The world is, more often than not, a war zone, a very tragic thing considering the miraculous nature and boundless natural beauty of the besieged place where we spend our fleeting lives. Think too much about its potential to be a peaceful place where neighbor does not lift up sword against neighbor and your heart will break.
Right now, worldwide, a violent war is raging over who will own everything – a few people with the power to impose their will on those with less power, even if it comes at the price of destroying the habitat all living creatures depend on to survive — or the rest of us. The powerful will spend unimaginable sums of their vast fortunes to ensure that their will becomes permanent, inviolable law.
They will hire huge armies, capable of exerting whatever terrifying force is necessary to silence dissent and all alternatives for the present and future. They will divide us all and make many angry enough to kill, and make sure they have easy, legal access to the firepower to spray death as easily and terrifyingly as humanly possible.
They will destroy all records of the past, rewrite history by rewriting the laws to prevent the dissemination of history they find repugnant. They will obliterate all avenues to compromise that could help create a more perfect, more just, more sustainable world. They want total war because they see the world as a war zone and they have the means to win a total war. Most of us don’t.

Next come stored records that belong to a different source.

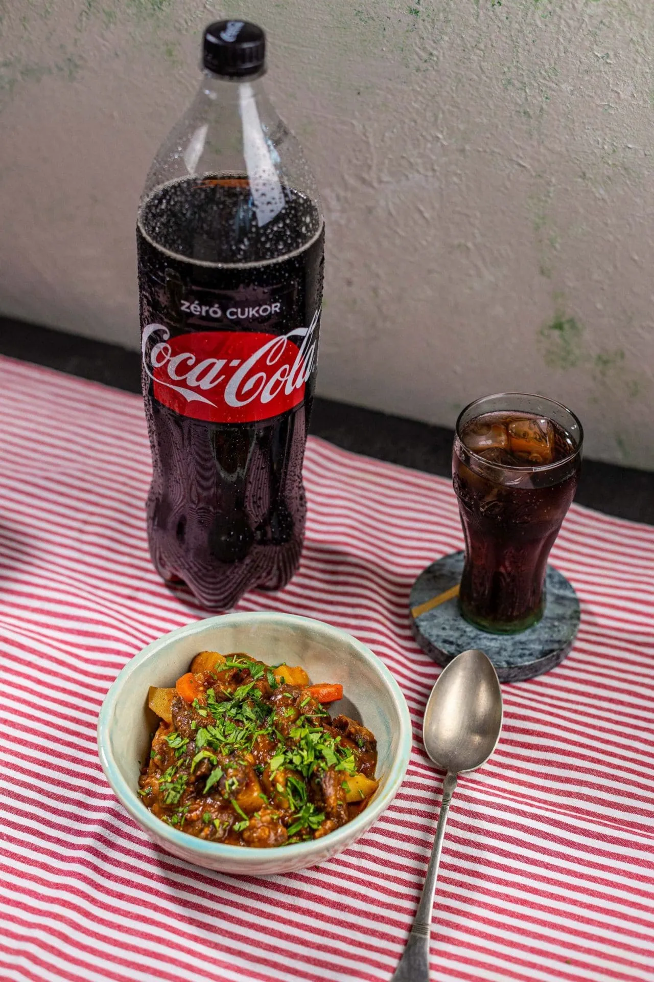 A bacont apróra kockázzuk, zsírjára sütjük egy nagyobb lábosban, majd kiszedjük. A visszamaradt zsíron nagy lángon körbepirítjuk a marhakockákat, majd ezeket is kiszedjük.
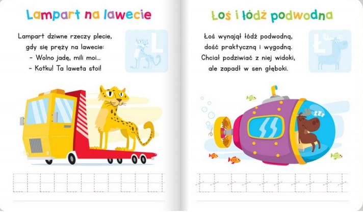 I taki sposób nauki proponujemy w tej książce: dziecko wodzi paluszkiem po kształtach liter, przykleja naklejki, a zabawne wierszyki o zwierzętach pomogą mu zapamiętać poznawane literki.
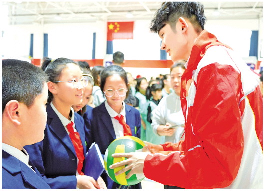 在校园里,奥运射击冠军张梦雪,三届亚运会、两届全运会武术冠军孙培原,亚运会、全运会撑杆跳高冠军薛长锐,全运会体操团体冠军王鹏,全运会三人制女子篮球冠军胡月,全运会男子排球冠军范宣玉,与学生们现场交流、亲密互动,手把手地教授学生练习要领。图为范宣玉与学生们互动交流。
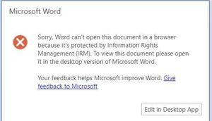 Whenever I try to open a file that has been protected by AIP via my web browser I get the below message Even as a creator of this document, I am prevented from editing the document via the web...
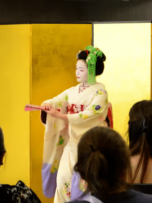Following the performances, an English-speaking staff member will share insights into the Maiko’s background, training, and attire, including the significance of her kimono, hairpieces, and iconic white makeup.
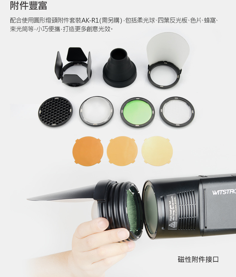 直接裝在AD200專用的H200R圓形燈頭, 也可以選購S-R1轉接座套上一般機頂閃光燈.
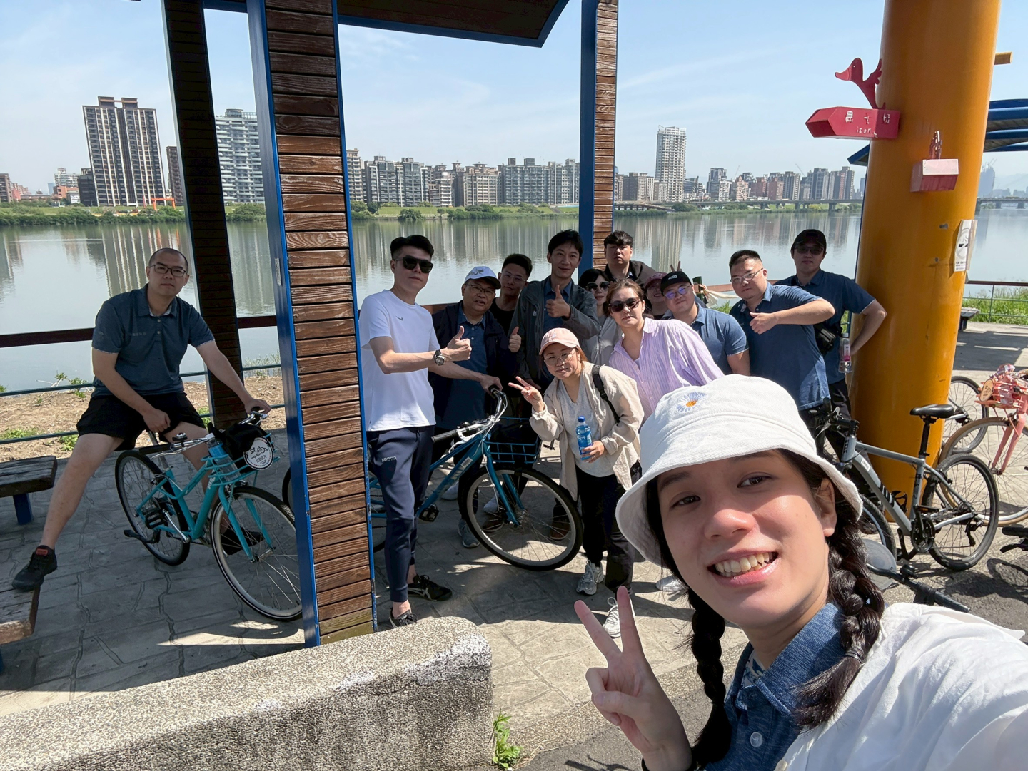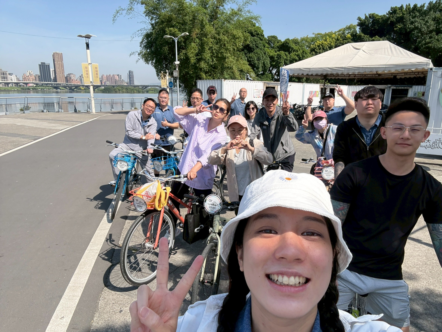 當天風和日麗,陽光燦爛,團隊在豔陽之下迎風前行。騎乘過程中,一邊踩著節奏、一邊欣賞沿途河岸風景,城市與自然交錯的景致,讓人暫時放下工作的緊湊步調,回到最純粹的身心狀態。
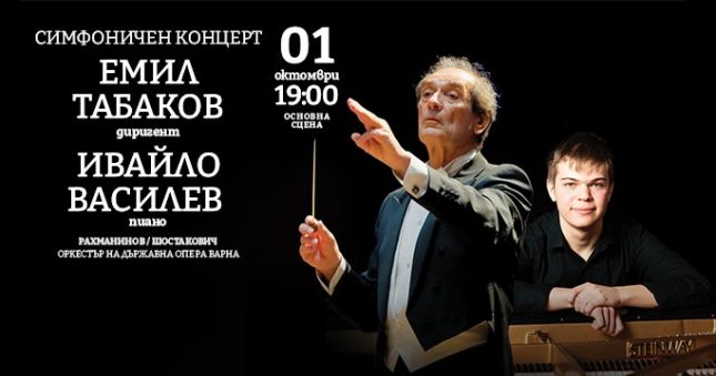 Двама виртуози от две поколения в един необикновен концерт ще се срещнат тази вечер, 1 октомври - Световния ден на музиката, за да открият новия 79-и сезон на Държавна опера Варна. Доайенът на диригентското изкуство маестро Емил Табаков и младият пианист Ивайло Василев, наричан „малкият Моцарт“, заедно с оркестъра на Варненската опера ще поднесат емблематични творби на Рахманинов и Шостакович.

Antisemites call this small group of willful, powerful people with immense wealth, hellbent on destroying morality, controlling governments and imposing their hateful will on the rest of humanity The Jews. Racists, who can’t give the race they hate credit for being intelligent enough to have thoughts of their own, attribute their feeling of lost power to the Jews, who are replacing them as the power bloc in democracy with brown robots programmed to do the infernal work of the Jew, so they can impose their sick vision on the rest of the good, God-fearing people, the rest of the people like them.
You don’t have to be an antisemite to reduce the war-torn world to this kind of paranoid cartoon. Just think of the unknown aged billionaire who legally left Leonard Leo, architect of the 6-3 extremist Federalist Society Supreme Court majority, a war chest of $1,600,000,000 to strategically spend doing whatever is necessary to finish creating the world this small, powerful minority hopes to see in perpetuity.

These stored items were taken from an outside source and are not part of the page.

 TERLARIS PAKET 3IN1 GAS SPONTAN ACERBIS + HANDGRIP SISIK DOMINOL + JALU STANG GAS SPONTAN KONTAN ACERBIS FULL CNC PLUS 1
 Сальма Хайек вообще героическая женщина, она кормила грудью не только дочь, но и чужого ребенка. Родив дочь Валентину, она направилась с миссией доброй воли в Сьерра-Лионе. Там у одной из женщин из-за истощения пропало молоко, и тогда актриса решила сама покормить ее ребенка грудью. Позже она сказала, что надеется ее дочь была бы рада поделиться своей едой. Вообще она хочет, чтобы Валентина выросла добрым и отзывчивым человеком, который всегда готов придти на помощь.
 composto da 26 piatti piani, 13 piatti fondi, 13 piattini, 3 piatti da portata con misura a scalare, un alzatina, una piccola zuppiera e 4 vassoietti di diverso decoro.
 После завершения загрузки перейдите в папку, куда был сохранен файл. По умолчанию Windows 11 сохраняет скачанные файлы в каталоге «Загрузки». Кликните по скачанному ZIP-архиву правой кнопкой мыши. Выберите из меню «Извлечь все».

We learn the names of most of these creepy reactionary billionaires (and, to be fair, there are some billionaires who bankroll Democrats hence corporate Democrats) only in their old age, after a lifetime of dirty deeds: The Koch Brothers, Sheldon Adelson, reclusive Robert Mercer (patron of Steve Bannon and Kellyanne Conway, Cruz turned Trump patron), secretive Jeff Yass, Ken Langone (Home Depot), Betsey DeVos, Erik Prince, Harlan Crow, who bought his own far right Supreme Court justice, Peter Theil, Elon Musk, among others on the far right with money to burn. There are dozens of these motherfuckers, all cursing George Soros, a Jew, for being the evil radical left puppet master/bankroller of pedophile Democrats.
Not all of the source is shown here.